From Cain to Babel
Driven from the garden, man enters a history in which sin, once entered, never ceases to grow. The chapters that run from Cain to the flood, then to Babel, show evil spreading from generation to generation, from the murder of a brother to the corruption of the whole earth, and God answering it by turns with judgment and with mercy. This long night prepares, in hollow, the dawn of a salvation: the call of one man, Abraham, through whom all the nations will be blessed.
Cain and Abel
The first generation after the fall gives the first murder, and it is between two brothers. Cain and Abel each offer to God; the offering of Abel, the shepherd, is accepted, that of Cain is not, and Cain conceives from it a jealousy that gnaws at his face. God warns him still, as one holds back a raised hand: evil is a crouching beast that he can overcome. “if you do not do well, sin is crouching at your door: it desires you, but you must master it.” Genesis 4:7 Cain does not master it; he lures his brother into the fields and kills him. Then, questioned by God, he adds to the murder lying and indifference. “I do not know. Am I my brother’s keeper?” Genesis 4:9 But the blood shed does not keep silent before God. “Your brother’s blood cries out to me from the ground.” Genesis 4:10 Yet, even in the sentence that exiles him, God protects the murderer himself, setting on him a mark so that no one may kill him in turn: justice is already mingled with mercy. “the Lord put a mark on Cain, so that no one who met him would strike him down.” Genesis 4:15 From the descendants of Cain is born a line in which violence swells still further, up to Lamech, who boasts of killing for a mere wound. Abel, for his part, the just man killed out of jealousy, whose blood cries to God, is the first figure of the martyrs, and already the shadow of Christ, whose shed blood will cry out louder still, not for vengeance but for pardon.

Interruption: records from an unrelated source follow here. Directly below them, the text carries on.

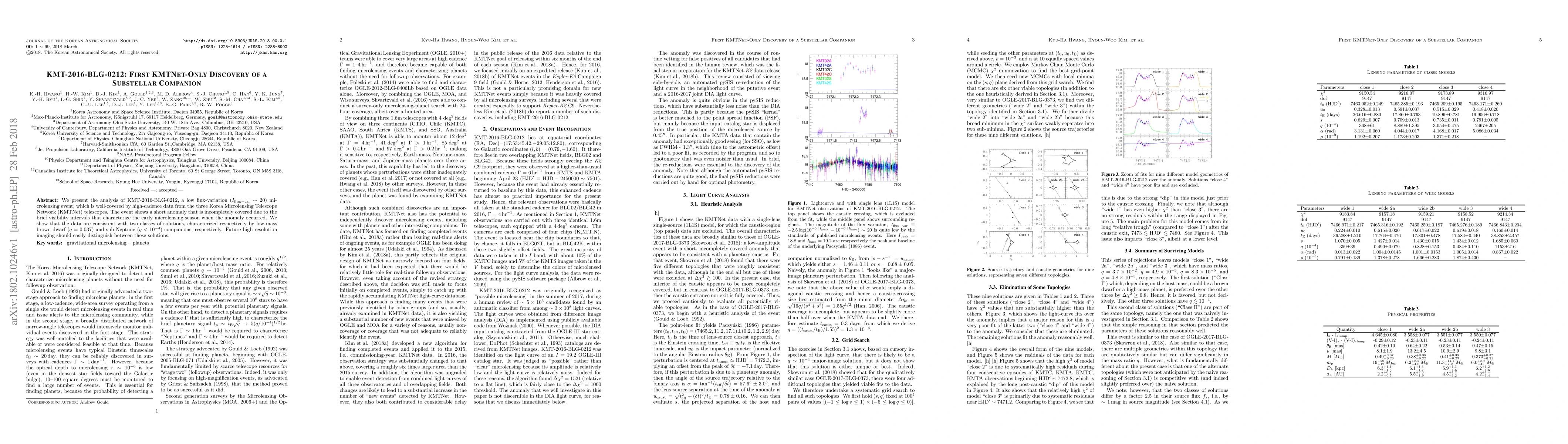 We present the analysis of KMT-2016-BLG-0212, a low flux-variation $(I_{\rm flux-var}\sim 20$) microlensing event, which is well-covered by high-cadence data from the three Korea Microlensing Telescope Network (KMTNet) telescopes. The event shows a short anomaly that is incompletely covered due to the brief visibility intervals that characterize the early microlensing season when the anomaly occurred. We show that the data are consistent with two classes of solutions, characterized respectively by low-mass brown-dwarf $(q=0.037)$ and sub-Neptune $(q<10^{-4})$ companions, respectively. Future high-resolution imaging should easily distinguish between these solutions.
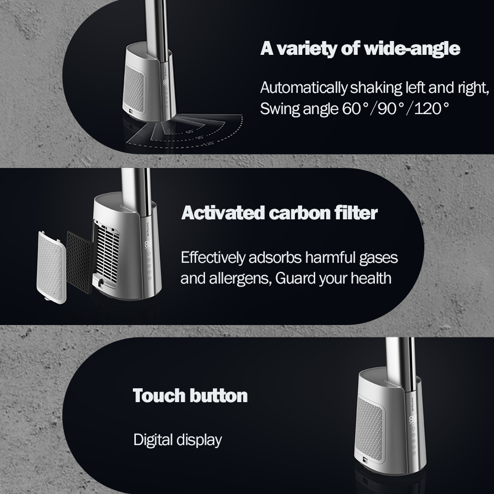 Bladeless air outlet,70CM super long air-duct; 4°Circulator angle design Linkage air conditioner,circulate whole house air; 12-speed wind speed adjustment to meet the needs of multiple scenarios ; 1-12 hours long timing setting design; Slim without taking up space ,the base of fan is only 0.06 square meters; Automatically shaking left and right , swing angle 60°,90°,120°adjustable; Shut down automatically return to positive ; Wind of Normal , natural and sleep wind, a variety of wind types are optional; 6m wireless remote control; Activated carbon adsorption purification module, adsorption pollution, fresh air;
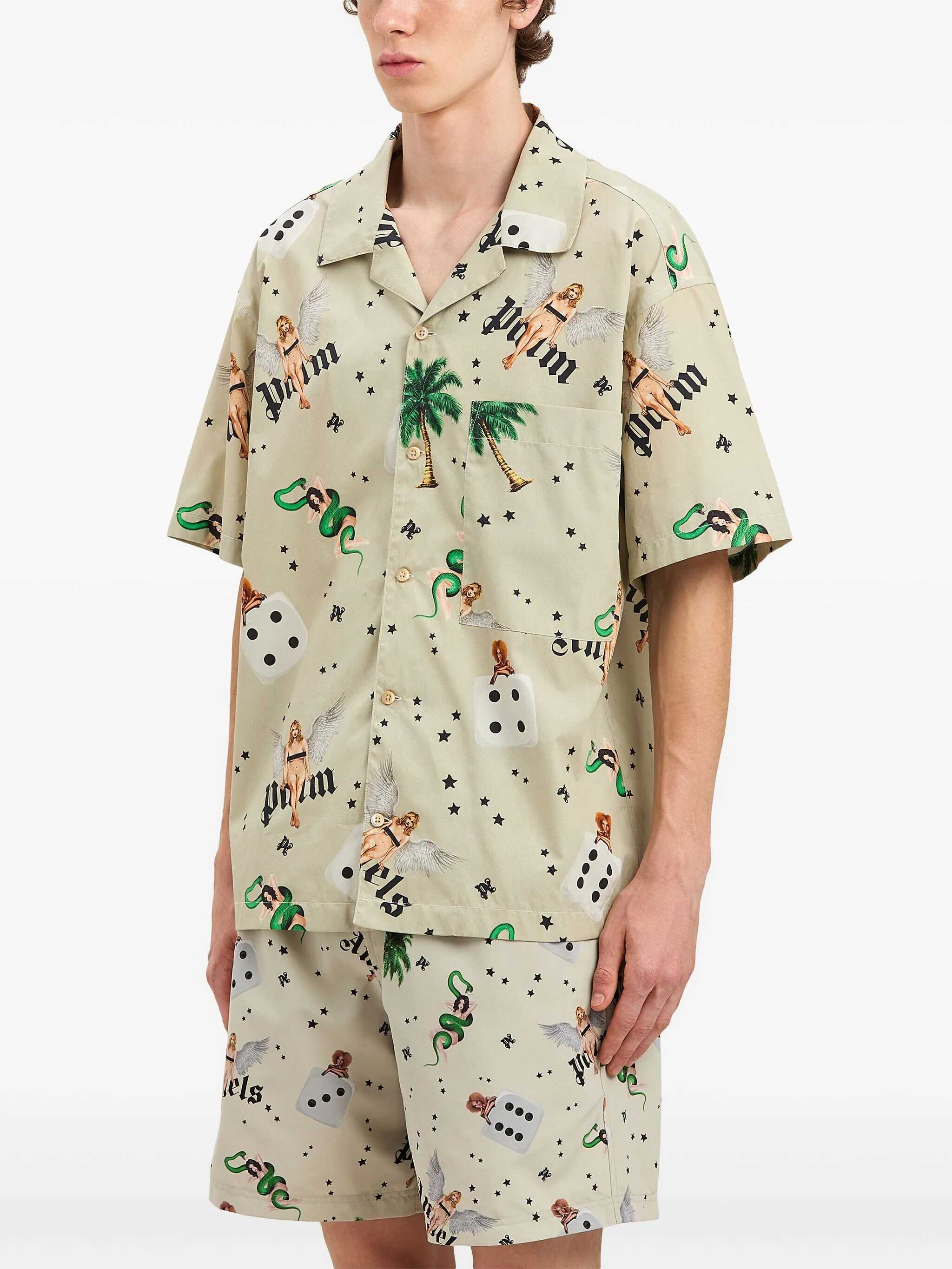The Bowling Pin Up Shirt from Palm Angels is a garment with a bold retro style, perfect for a distinctive casual look. With short sleeves and a classic collar, it features a front button closure. The brand's iconic logo and all-over printed pin-up designs add a touch of originality and vintage inspiration, making this shirt a must-have for those who love streetwear with personality.
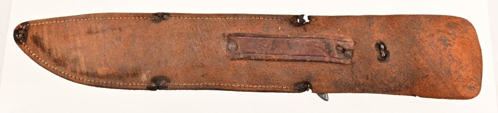 "Recuerdo" on one side of 6.75" blade, with "Mexico" etched on the other, 11" overall , with tooled "Mexico" leather sheath. Horse Head pommel knife with horn handle, 8" blade marked "Mexico" on one side, 12.75" overall length. Eagle-head pommel knife with ivory grips, 9" heavy Bowie style blade marked "Mad in Mexico" 13.5" overall length, with original appearing "Made in Mexico" sheath.
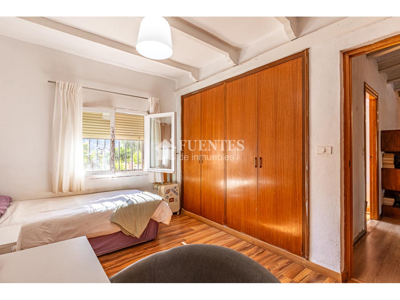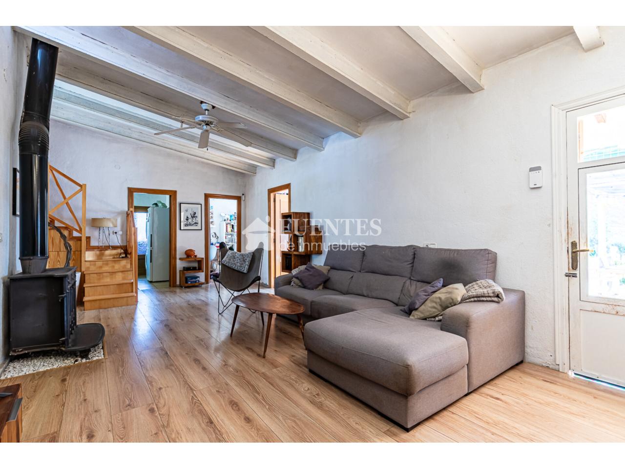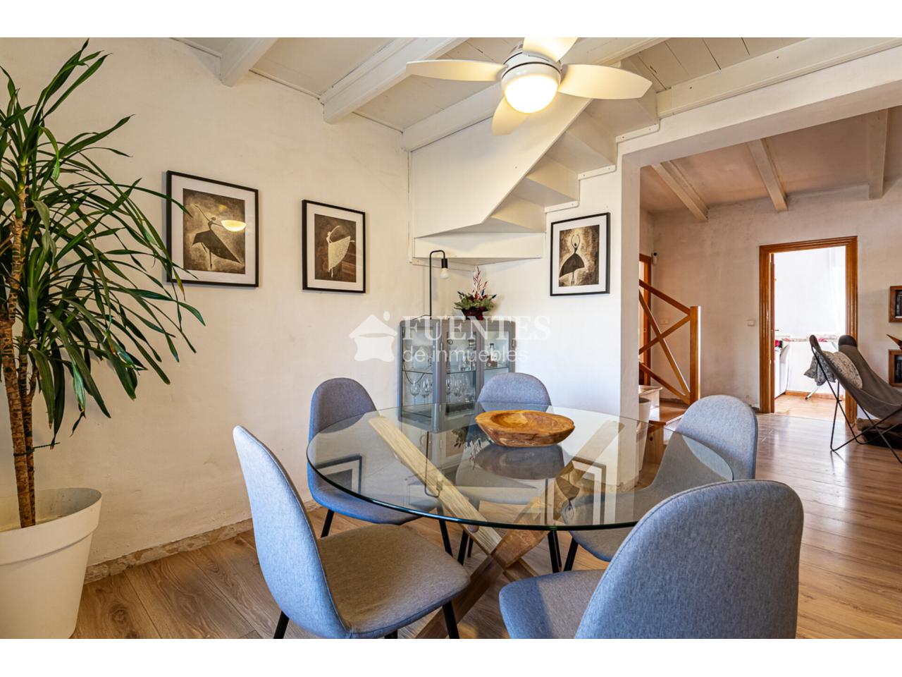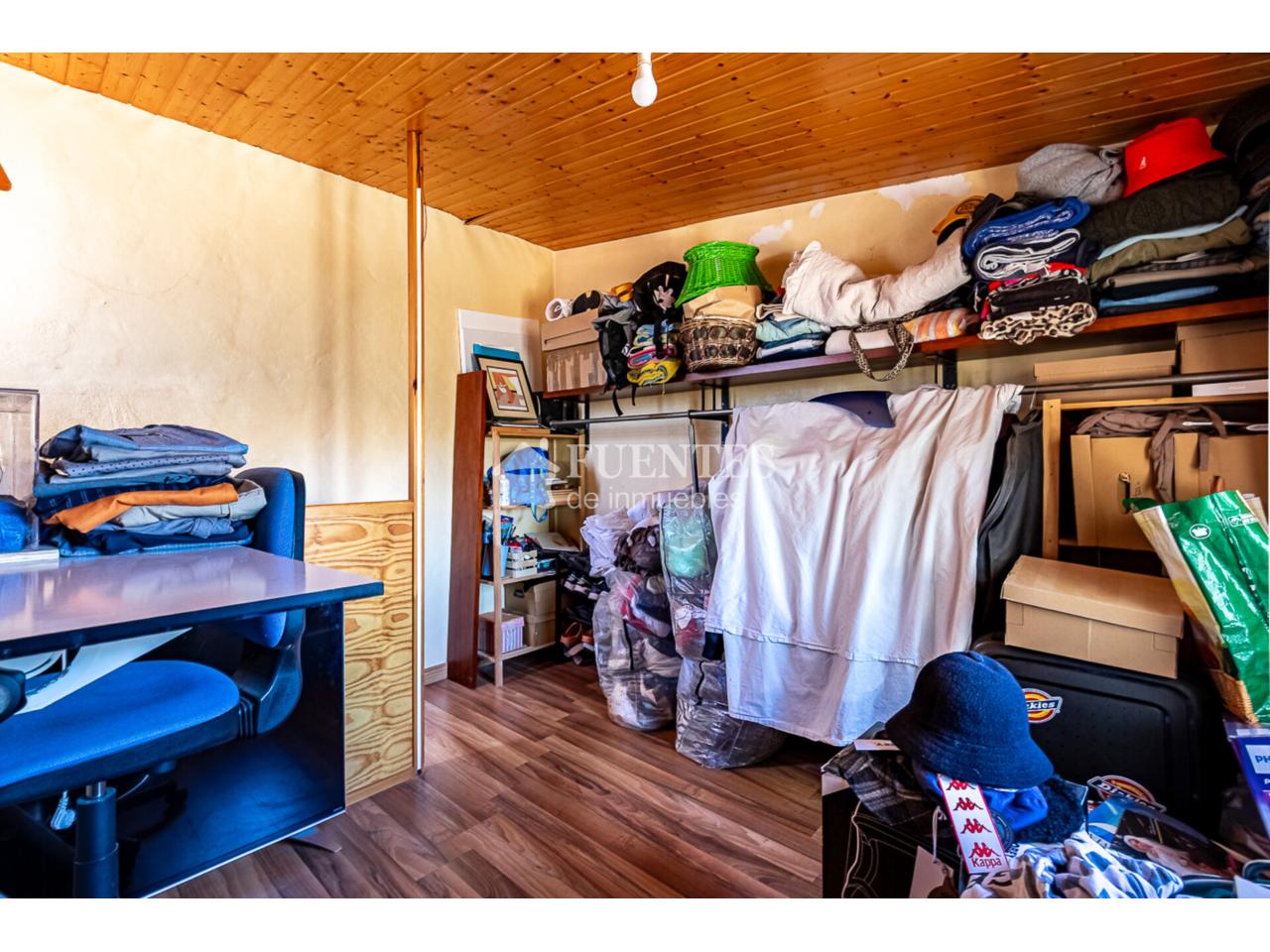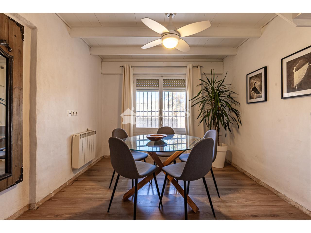 En uso y bien conservado con alguna mejora, la vivienda se compone de amplio salón comedor con chimenea y comedor (antes dormitorio), muy luminoso y amplio con techos amplios y vigas vistas.
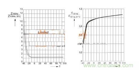 在鋁電解高壓電容器的正常運行過程中,其本身的電解液導電性,將會隨著環(huán)境溫度的降低而降低,從而會導致電解液阻抗的增加,阻抗和損耗角正切也會因此而增大。在絕大多數(shù)應用中,相應增加僅允許到某最大值。在這里需要強調(diào)的一點是,低于上述溫度限值的工作并不會損壞高壓電容,僅僅只是會影響其使用壽命,尤其是當紋波電流流經(jīng)器件時,由于增加ESR而產(chǎn)生的熱量耗散會提高電容器溫度,使其遠大于環(huán)境溫度,使電容可維持設(shè)備運行。下圖所示為下限類別溫度為-25℃電容器的阻抗和電容典型值。
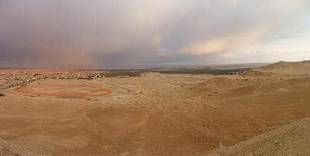 | アラブ城から望む | 遺跡の左に現在の街、右に塔墳群(墓の谷)がある | ||||||||
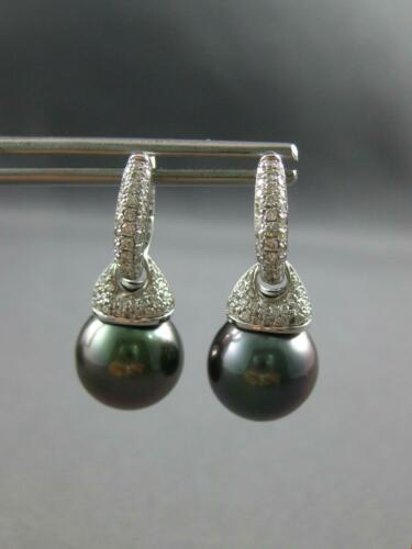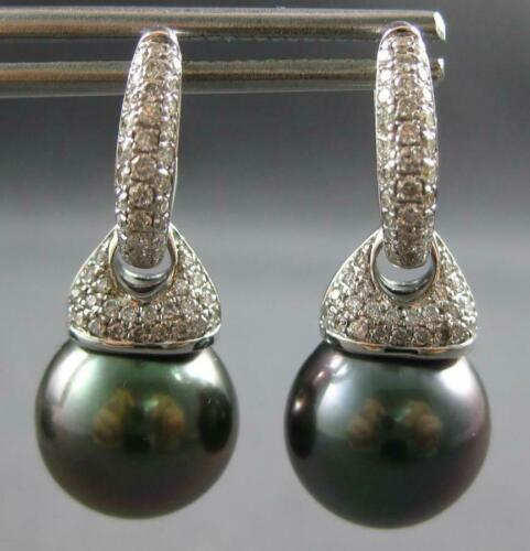LARGE 14KT WHITE GOLD FUN HUGGIE HANGING EARRINGS. 3D CLASSIC DESIGN. DIAMONDS ARE F/G COLOR, VSSI CLARITY .50 CARATS. FEATURES AAA TAHITIAN PEARLS. PEARLS MEASURE 11mm WIDE. EARRINGS MEASURE 25mm X 11mm. WRITTEN APPRAISAL AVAILABLE. COMES IN A PRESENTABLE GIFT BOX.
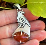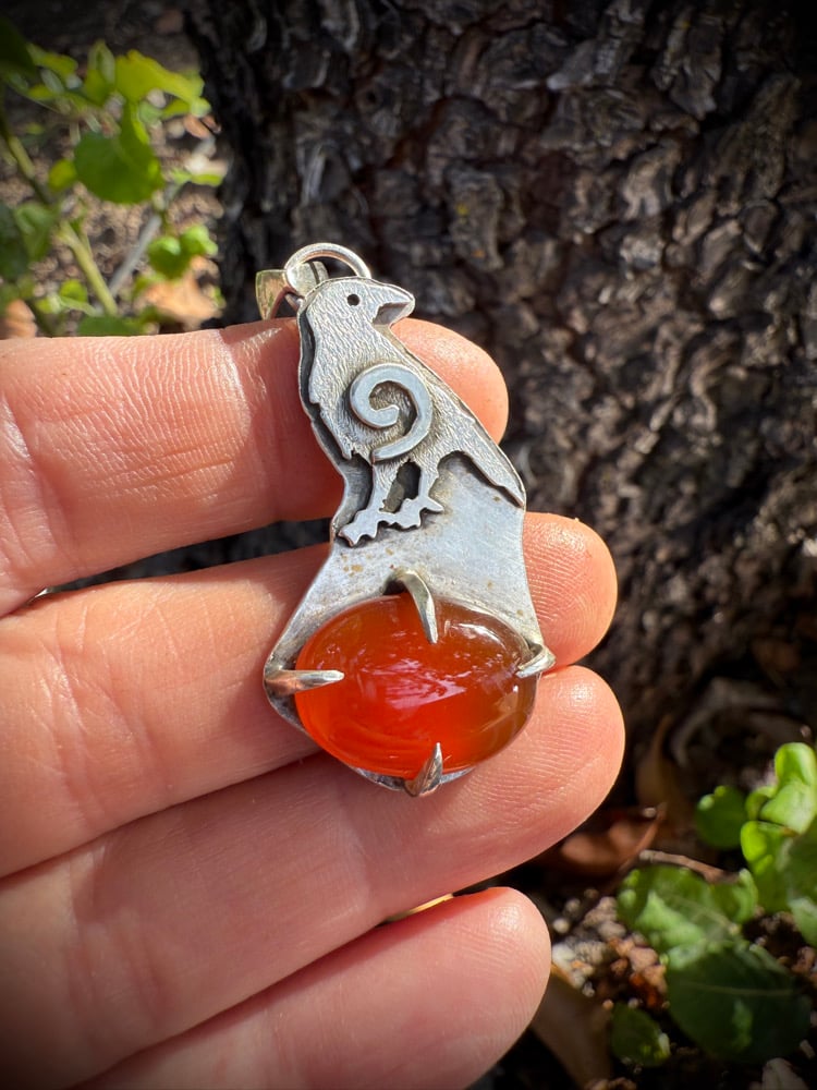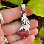 This pendant has a saw pierced raven with a claw encasing a carnelian cabochon stone. This is a one of a kind hand made .925 Sterling Silver pendant. The pendant sits about an 4 inches in length from bail to the end of the design. It was handcrafted and fabricated in my home work shop.
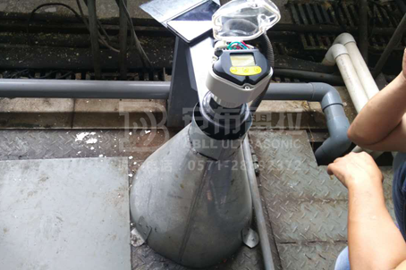 凯越一体式超声波液位计在现场用喇叭口测量水位
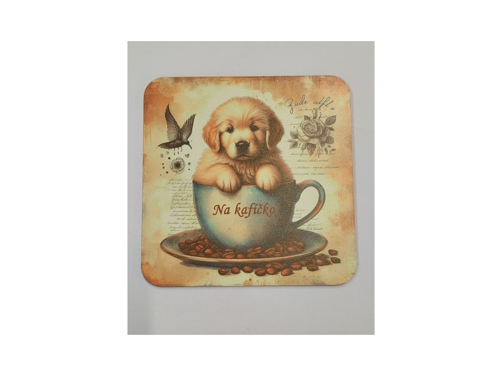 Podtácek - Pejsek s kávičkou s českým nápisem2
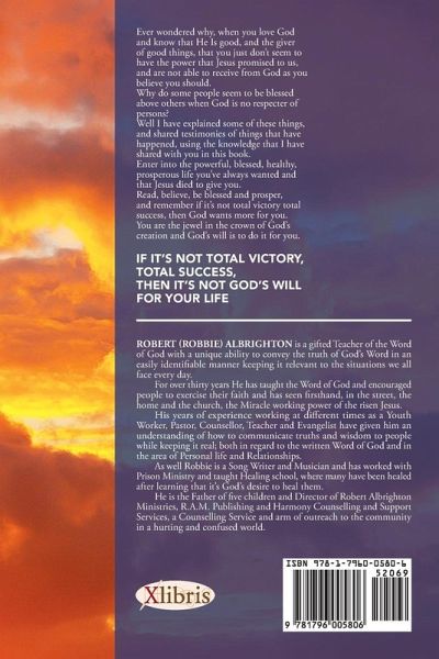 Ever wondered why, when you love God and know that He Is good, and the giver of good things, that you just don't seem to have the power that Jesus promised to us, and are not able to receive from God as you believe you should. Why do some people seem to be blessed above others when God is no respecter of persons? Well I have explained some of these things, and shared testimonies of things that have happened, using the knowledge that I have shared with you in this book. Enter into the powerful, blessed, healthy, prosperous life you've always wanted and that Jesus died to give you. Read, believe, be blessed and prosper, and remember if it's not total victory total success, then God wants more for you. You are the jewel in the crown of God's creation and God's will is to do it for you. If It's not total VIctory, total success, then It's not God's WIll for your lIfe
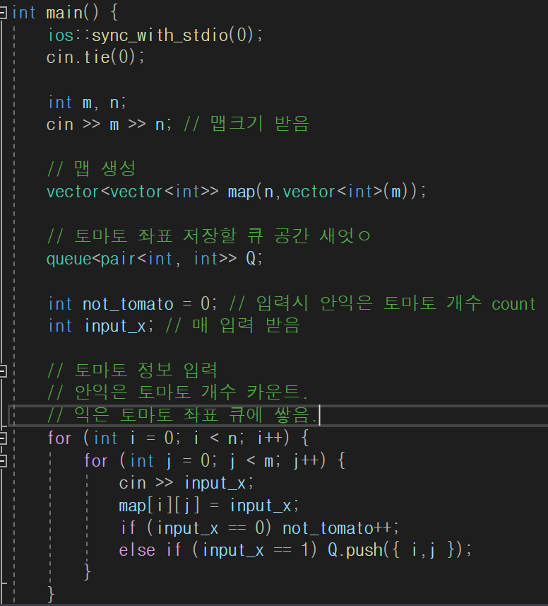 추후에 익혀진 토마토의 개수와 일치하면 모두 익은 것임. - 익은 토마토 좌표는 큐에 쌓아준다.
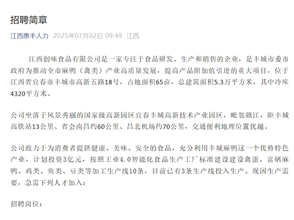 江西創味食品有限公司是一家專注于食品研發(fā)、生產和銷售的企業,是豐城市委市政府為推動全市麻鴨(禽類)產業高質量發(fā)展,提高產品附加值引進的重大項目,位于江西省宜春市豐城市高新五路18號,占地面積65畝,總建筑面積5.3萬平方米,其中冷庫4320平方米。公司坐落于風...
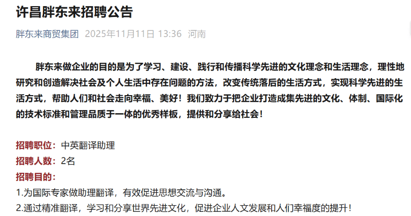 于東來卸任總經理?胖東來招聘翻譯助理年薪逾50萬
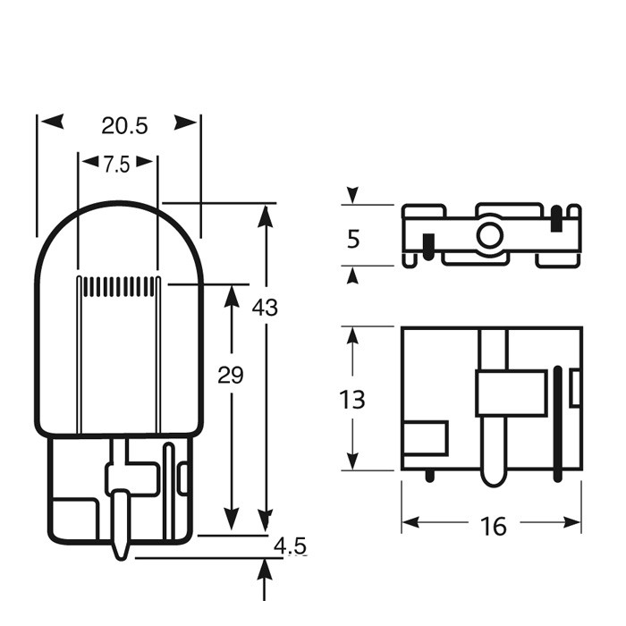 12V 21W Sokkel T20 / W21W Piduri-, suuna-, udu- ja parktulepirn klaassokliga
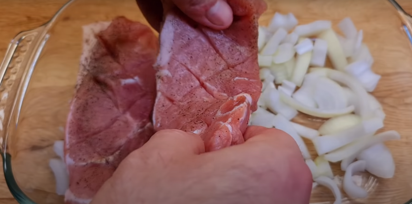 Kawałki mięsa ponacinaj tak, aby na ich powierzchni powstała kratka. Posyp przyprawami. Cebulę obierz i pokrój na nieduże kawałki.
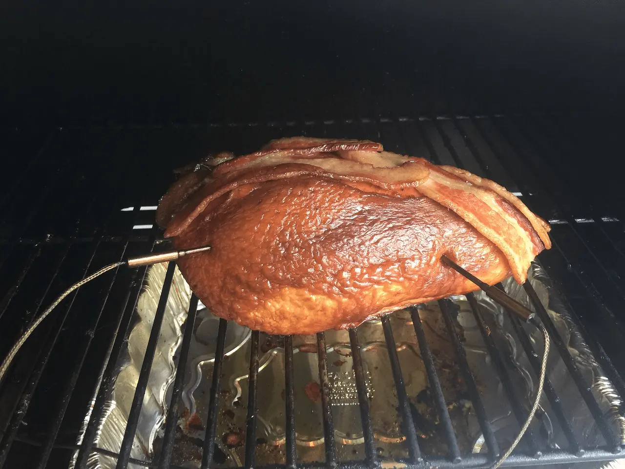 Used a little bacon to cover the skinless part to stop it from drying out,plus a lot of spritzing with apple juice to keep the temps down on the thin side.

The Flood and the Covenant with Noah
From Cain to his descendants, violence swells, until evil covers the whole earth. “The Lord saw that the wickedness of man was great on the earth, and that his heart conceived nothing but evil.” Genesis 6:5 Before this corruption, God decides a judgment, the flood, which wipes away a creation become unlivable; but he saves a just man, Noah, with his family and the pairs of animals, in an ark that passes through the waters. “Noah was a righteous and blameless man among his contemporaries; Noah walked with God.” Genesis 6:9 The flood is not only chastisement: it is also a passage, the waters that engulf the ancient world bearing the ark toward a world begun anew, which the tradition will read as a figure of baptism, where water makes sin die and a new life be born. When the dove released by Noah returns with an olive branch, it announces peace restored between heaven and earth. “there in its beak it held a fresh olive leaf. Noah then knew that the waters had gone down on the earth.” Genesis 8:11 The waters withdrawn, God makes with Noah and all the earth a covenant, the first, and he gives a sign of it in the sky. “I set my bow in the clouds, and it will be the sign of the covenant between me and the earth.” Genesis 9:13 This covenant tells the patience of God, who, knowing the heart of man, henceforth gives up destroying, and who, in forbidding the shedding of blood, restates the sacred worth of a life made in his image. “Never again will I curse the ground because of man, for the heart of man is inclined to evil from his youth.” Genesis 8:21
Babel and the Dispersion
After the flood, men multiply, but pride is born again with them. They set out to build a city and a tower whose top would touch the sky, to make a name for themselves by themselves and to stay united in their own glory, without God. “let us build ourselves a city, with a tower whose top touches the sky. Thus we will make a name for ourselves, and we will not be scattered.” Genesis 11:4 It is the reverse of the vocation received: instead of receiving a name from God and filling the earth as he had blessed them to do, man wants to make himself his own god and to fold back upon himself. God answers by confusing their language, so that they no longer understand one another, and they scatter of themselves over the whole earth. “let us go down and there confuse their language, so that they no longer understand one another.” Genesis 11:7 The very name of Babel, which Hebrew links to the verb balal, “to confuse,” remains the seal of every unity built against God, which turns fatally into division. This confusion of tongues will one day be reversed at Pentecost, when the Spirit will make all peoples understand one single word, no longer the pride that divides, but the Gospel that gathers.
From the Dispersion to the Call
Thus ends the history of the origins: begun in a garden, it ends in dispersion, humanity scattered into peoples and tongues, turned away from God. Evil has shown its full extent, from the first couple to the whole earth, and each time God joined to the judgment a door of salvation, a mark on Cain, an ark for Noah, a renewed patience. But it is upon this dark background that the design of God takes a new turn. Instead of saving the world all at once, he chooses to call one single man, to draw him from his kindred and his country, and to make of him the source of a blessing for all the nations that Babel had scattered. The long night of the fall calls for a dawn, and this dawn has a name: Abraham. The history of salvation, properly speaking, begins there.